The diff covers all study-level metrics, including the per-patient aggregates (e.g. tir_study_gm — geometric mean of individual patient TIR values across a study). Metrics that changed by more than 5% are flagged with ⚠️.

Note

The diff currently operates on study-level surveys only.

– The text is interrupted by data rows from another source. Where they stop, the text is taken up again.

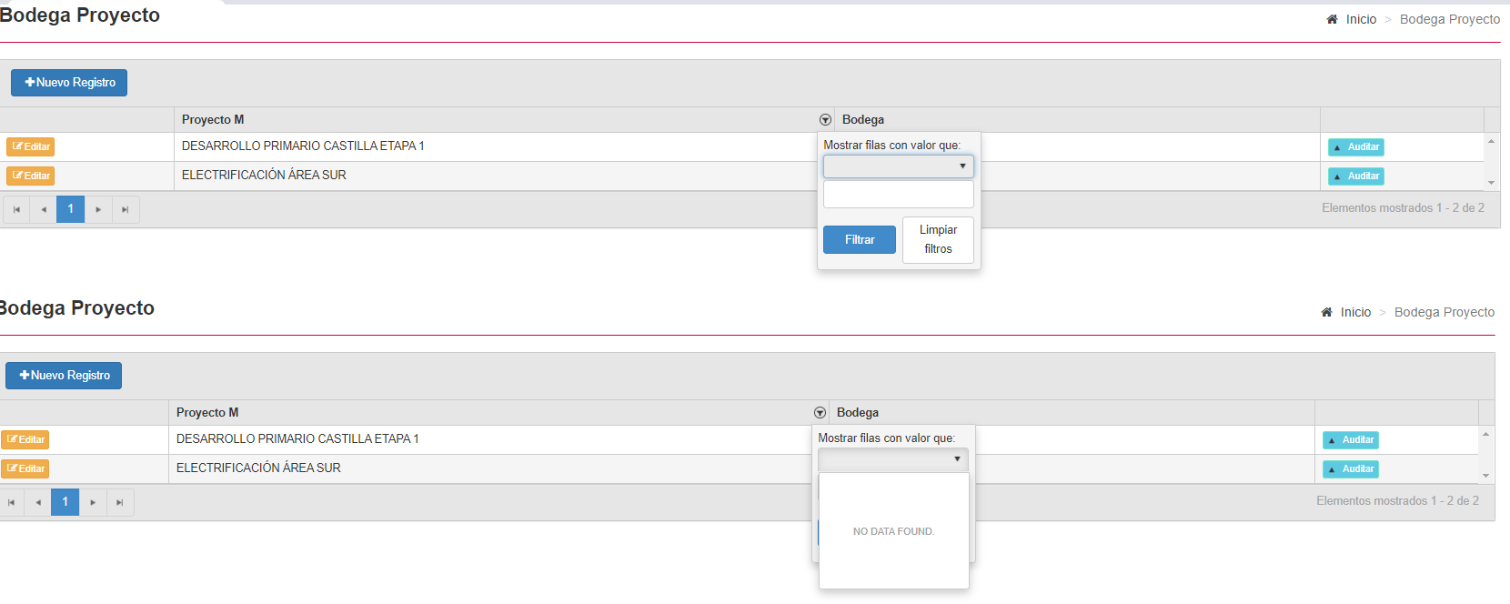 everything works fine except the column filters where I use the drop down list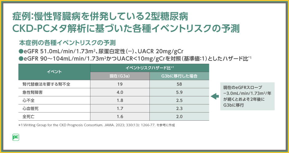 また、この患者さんでは、eGFRスロープ(1年あたりのeGFRの低下速度を示す)が約-3.0mL/min/1.73m2/年で低下し続けた場合、現在のeGFR 51mL/min/1.73m2(ステージG3a)から約2年でeGFR 45mL/min/1.73m2未満(ステージG3b)になると推定されます。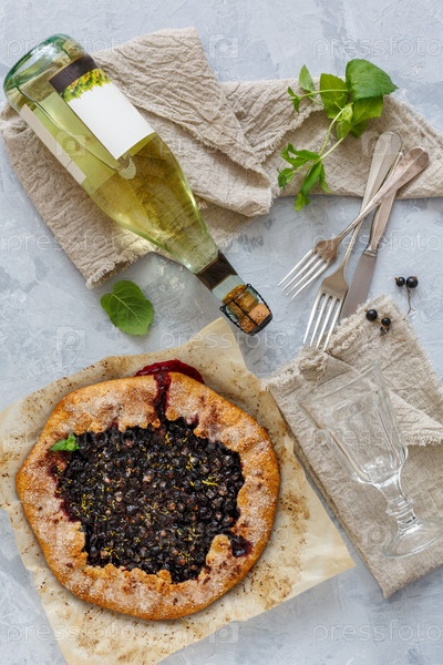 Березовый пирог (галет), бутылка белого вина и стакан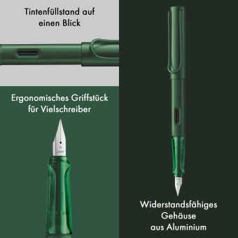 Aluminium grün eloxiert / Metallclip / ergonomisches Griffstück aus Kunststoff / Stahlfeder, poliert /
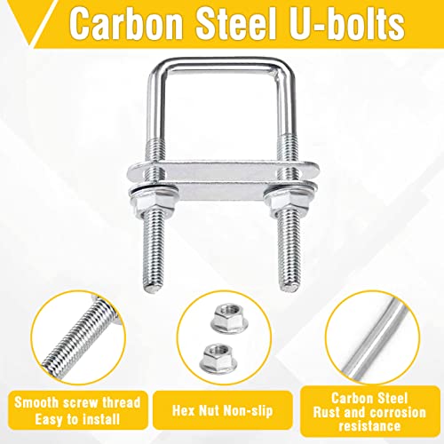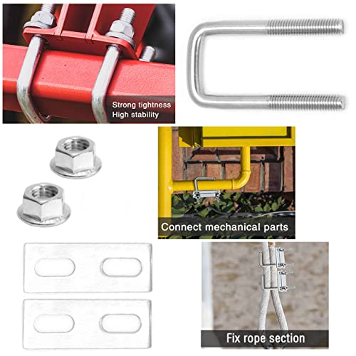 2 Pezzi Bulloni M10 Bulloni a U 100 x 100 mm Bullone a U Quadrati Bulloni U con Dado Flangiato e Piastra Acciaio Inox 304 Per Tubo Dell'Acqua Fisso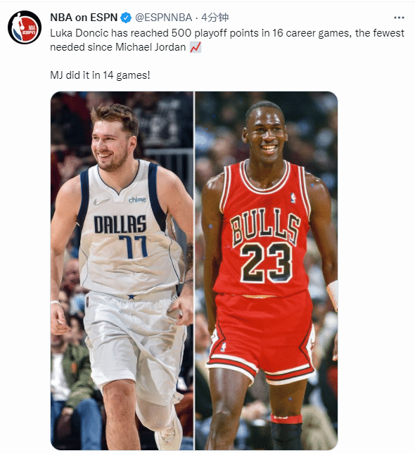 东契奇季后赛总得分达到523分,仅用16场便解锁季后赛500分里程碑,史上仅有乔丹(14场)比东契奇所用场次更少,比肩乔丹达成壮举;今日一战,独行侠上半场打得十分被动,但第三节东契奇带队疯狂反扑,末节持久拉锯战,但生死时刻康利走步违例,博扬错失绝杀,最终独行侠笑到最后。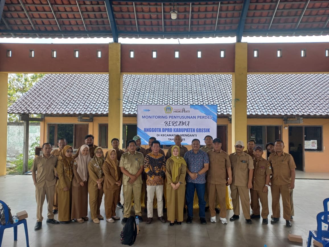 Anggota DPRD Kabupaten Gresik dari Komisi II, Wongso Negoro, bersama Wakil Ketua DPRD Mujid Ridwan, melaksanakan kegiatan monitoring penyusunan Peraturan Desa (Perdes) di Kecamatan Menganti, Senin (03/11/2025).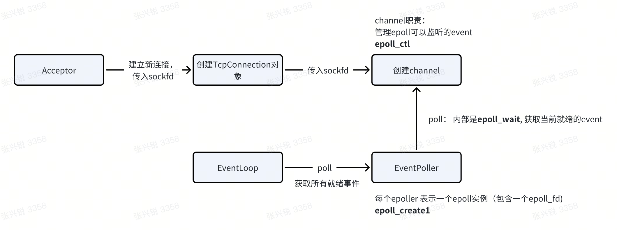 看到Acceptor了,Acceptor用于新建socket链接,将得到的sockfd传入到connection,connection绑定channel。

Patient-level diffing is not yet implemented.

Explore a single study or patient

For targeted exploration without saving a survey, call the compute functions directly:

from babelbetes.src import data_store
from babelbetes.survey import compute
import pandas as pd

# Scope to one study, or filter further to one patient
store = data_store.load("data/out", studies=["DCLP3"])
store = {dt: df[df["patient_id"] == "P001"] for dt, df in store.items()}

patient_records = (
    compute.compute_cgm_stats(store["cgm"])
    + compute.compute_basal_stats(store["basal"])
    + compute.compute_bolus_stats(store["bolus"])
    + compute.compute_complete_days(store)
)
tdd_df      = compute.compute_tdd_per_patient(store)
tdd_records = compute.compute_tdd_stats(tdd_df)

stats = pd.DataFrame(patient_records + tdd_records)
print(stats[stats["data_type"] == "cgm"].pivot_table(
    index="patient_id", columns="metric", values="value"
))

Architecture

The framework is split into four modules:

Module	Responsibility
`compute`	Pure functions that take DataFrames and return metrics as `list[dict]`
`survey`	Save and load metric surveys as Parquet files
`figures`	Matplotlib/seaborn figures that accept pre-computed metric DataFrames
`diff`	Compare two study-level surveys and flag significant changes

__main__.py wires these together for the CLI. The report module renders surveys into a self-contained HTML file.

Metrics are stored in long format — one row per (study, [patient_id,] data_type, metric, value) — so any metric can be filtered, pivoted, or plotted without schema changes.

Survey files

Each survey run produces four Parquet files, all stamped with the same YYYYMMDD_HHMMSS timestamp:

File	Contents
`<ts>_study_stats.parquet`	Study-level aggregates: columns `study`, `data_type`, `metric`, `value`, `survey_id`
`<ts>_patient_stats.parquet`	Per-patient metrics: columns `study`, `patient_id`, `data_type`, `metric`, `value`, `survey_id`
`<ts>_tdd.parquet`	Daily TDD per patient: columns `study`, `patient_id`, `date`, `basal`, `bolus`, `total`, `survey_id`
`<ts>_cdf_quantiles.parquet`	Pre-computed CDF quantiles: columns `study`, `data_type`, `quantile_level`, `value`, `survey_id`

Metrics reference

Per-patient metrics (in patient_stats) — present for each of cgm, basal, bolus:

Metric	Description
`row_count`	Total rows including NaN
`nan_count`	Rows with a missing value
`duplicate_count`	Rows with a duplicated timestamp
`min`, `max`	Range of non-NaN values
`gm`, `gs`	Geometric mean and std of non-NaN values
`patient_days`	Number of unique calendar days with at least one measurement
`data_fraction_days`	`patient_days / calendar_span` (0–1)
`missing_days`	Calendar days in the span with no data
`samples_per_day`	`row_count / calendar_span`
`data_fraction`	Fraction of the total timespan covered by chunks
`chunk_count`	Number of continuous data segments
`gm_chunk_dur_hrs`, `gs_chunk_dur_hrs`	Geometric mean/std of chunk durations (hours)
`gm_gap_dur_hrs`, `gs_gap_dur_hrs`	Geometric mean/std of gap durations (hours)

CGM-specific additions:

Metric	Description
`tir`	Time-in-range fraction (70–180 mg/dL)
`tar`	Time-above-range fraction (> 180 mg/dL)
`tbr`	Time-below-range fraction (< 70 mg/dL)
`outlier_low`	Count of readings < 40 mg/dL
`outlier_high`	Count of readings > 400 mg/dL

Gap thresholds used to split continuous chunks: CGM = 30 min, basal = 6 hr, bolus = 16 hr.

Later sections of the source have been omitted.